Another key DJ on the scene was Chris Lucas from the Catacombs, who went on to play a night called Glades on Wednesday nights, upstairs at Global Village. As well as playing the best in contemporary disco, Glades had a very sexually charged atmosphere – one American visitor at the time who had hitherto found the London scene unfriendly and somewhat dated was delighted to note that men at Glades danced with their tops off. Lucas then went back to Earls Court to take his residency at the Copacabana, a much-needed large club for the area, then still the hub of London’s gay scene, giving the regulars of The Colherne and Bromptons pubs some late-night action. The Copa was at the forefront of the emerging London clone scene.

But it took the arrival in 1978 of the Embassy Club in Bond Street to really bring an element of glamour to the gay disco scene. Jeremy Norman, chairman of historical high-society guide Burke’s Peerage, was inspired to open The Embassy after numerous trips to New York clubs, where the openness and designer drug-fuelled lifestyle of the city’s flourishing gay life contrasted with London’s parochial feel (you could still get banned in some venues for sniffing poppers).

The Embassy was designed for an upmarket, mostly gay clientele who wanted something less provincial and claustrophobic. The space was meant for dancing, offering less seating and more floor, and the soundsystem and lights were state of the art. Bus-boys in shorts a la Studio 54 provided eye candy for the sophisticates and the club was briefly the place to be seen, with Sunday tea-dances legendary – just £4 for all you could eat and drink. The Embassy was immortalised in the video for Sylvester’s “You Make Me Feel Mighty Real,” but ultimately its popularity was its downfall, as the upmarket straight crowd outnumbered the gay element.

Sylvester ~ You Make Me Feel (Mighty Real)

Norman was also behind the next major innovation – Heaven. At its time of opening, Heaven was the biggest gay club in Europe, marking Norman’s attempt to extend his Embassy achievements while retaining a core gay crowd. Costing a staggering £300,000 to renovate, Heaven boasted 5,000 watts, overhead tweeters and bass horns built into the floor, plus a hi-tech light show complete with lasers, lightning-effect and planet-shaped neon spotlights and high-power floodlights.

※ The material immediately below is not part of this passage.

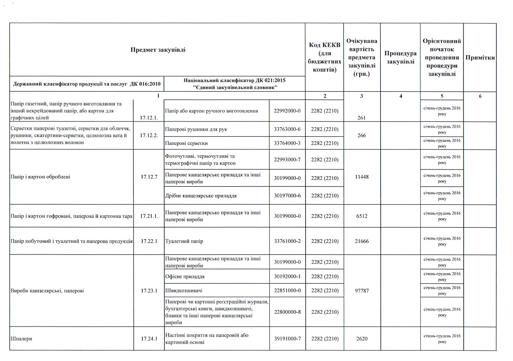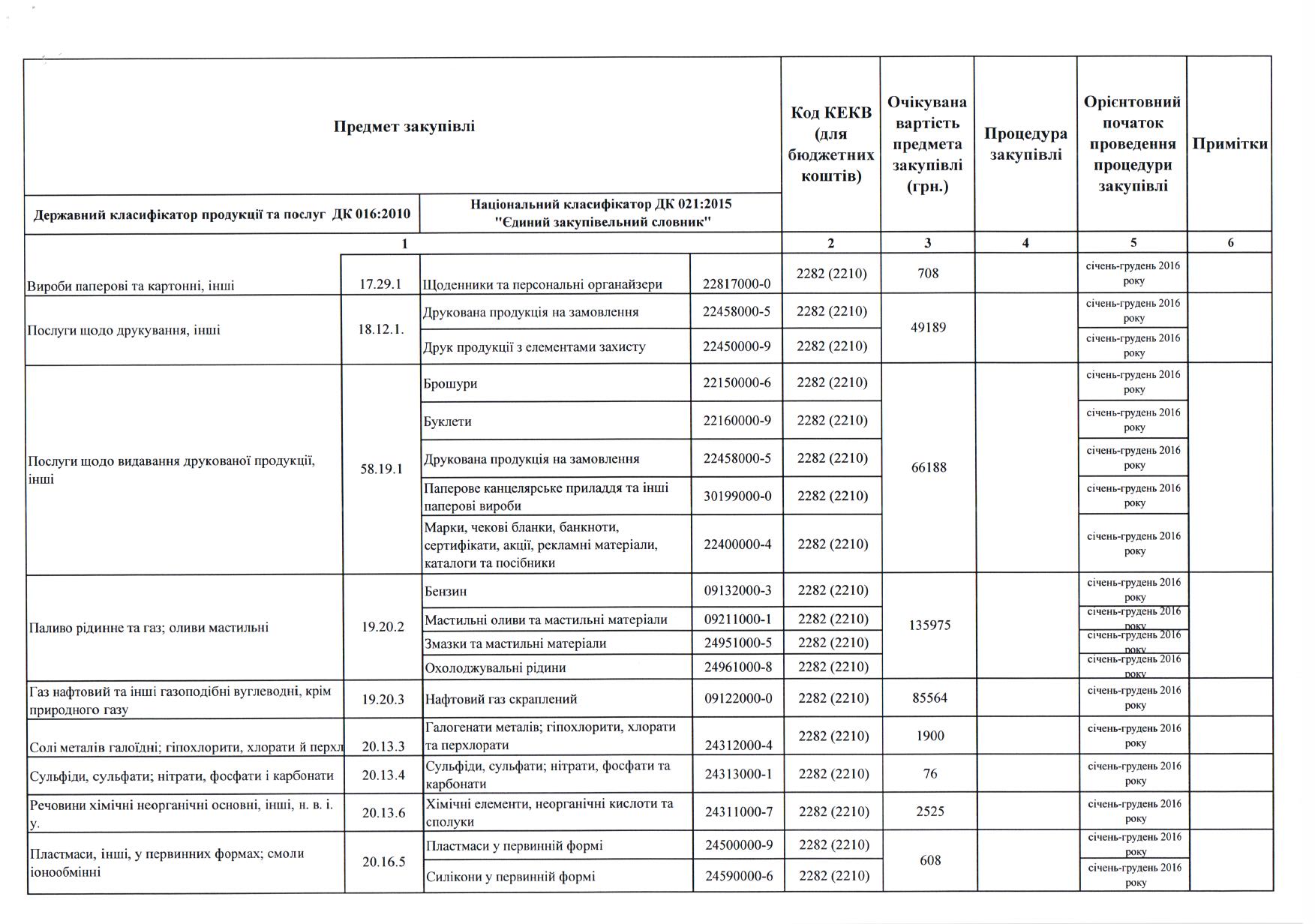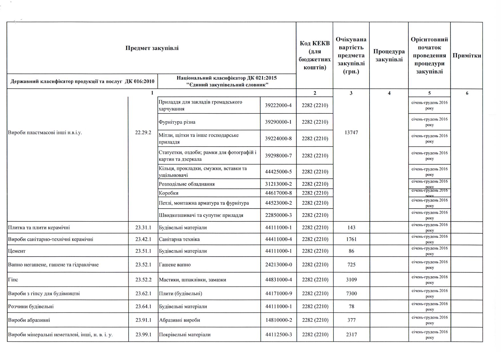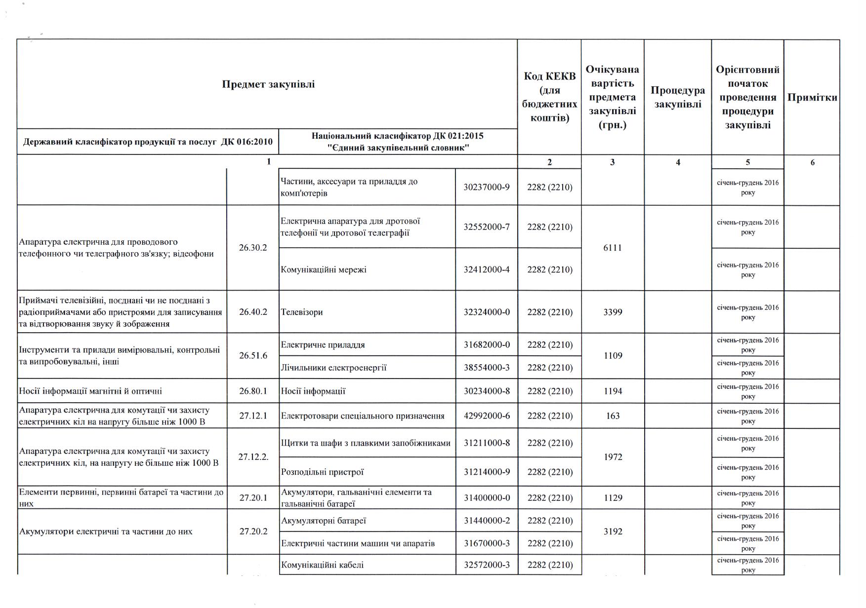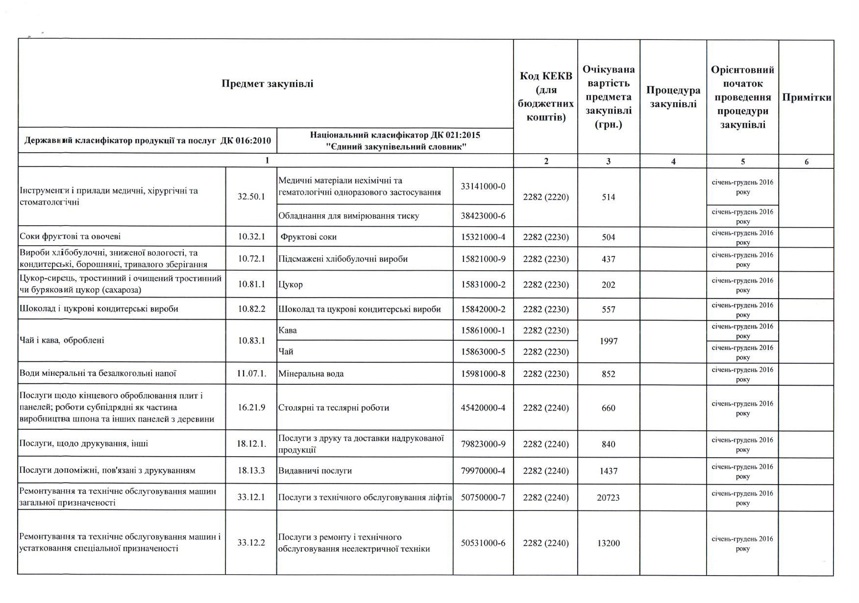 Додаток до річного плану закупівель на 2016р. із змінами.

It was somewhere visiting Americans and Europeans would flock to, before returning home singing the praises of the London scene. It would also last much longer than the New York and LA discos it was trying so hard to emulate.

The key figure on the decks was Ian Levine, who as resident DJ at the Blackpool Mecca had been at the heart of the Northern Soul scene, broadening its remit to embrace disco after witnessing New York gay clubs on trips Stateside hunting rare soul. Levine was among the first on the gay scene to truly embrace mixing, keeping the tempo steady and putting paid to the Motown medleys commonplace at Bang, Copas or Scandals.

Leather and uniform were in, flamboyance – unless you counted the drag shows held out in the bar – was definitely out.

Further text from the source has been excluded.